Working data START
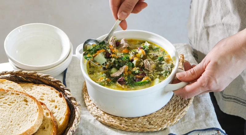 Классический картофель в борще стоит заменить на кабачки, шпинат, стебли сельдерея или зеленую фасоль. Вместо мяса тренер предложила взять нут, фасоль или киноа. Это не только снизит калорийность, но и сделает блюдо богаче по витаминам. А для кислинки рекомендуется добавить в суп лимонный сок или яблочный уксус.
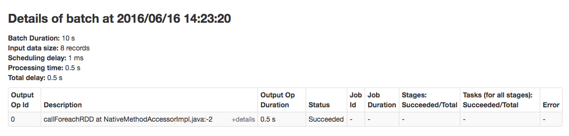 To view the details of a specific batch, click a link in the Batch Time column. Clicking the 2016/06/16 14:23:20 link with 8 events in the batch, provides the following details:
Working data END
Working data START
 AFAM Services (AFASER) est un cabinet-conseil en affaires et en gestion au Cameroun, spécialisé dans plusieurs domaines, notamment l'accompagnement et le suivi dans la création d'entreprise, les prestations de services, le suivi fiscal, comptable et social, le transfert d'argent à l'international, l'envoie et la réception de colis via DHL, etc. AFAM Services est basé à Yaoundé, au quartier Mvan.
Working data END
▸ Work required
What is wanted is an exact copy of the lines above from the one containing "Классический картофель в" through the one containing "To view the", with no pictures in it.

▸ Task result
 Классический картофель в борще стоит заменить на кабачки, шпинат, стебли сельдерея или зеленую фасоль. Вместо мяса тренер предложила взять нут, фасоль или киноа. Это не только снизит калорийность, но и сделает блюдо богаче по витаминам. А для кислинки рекомендуется добавить в суп лимонный сок или яблочный уксус.
 To view the details of a specific batch, click a link in the Batch Time column. Clicking the 2016/06/16 14:23:20 link with 8 events in the batch, provides the following details:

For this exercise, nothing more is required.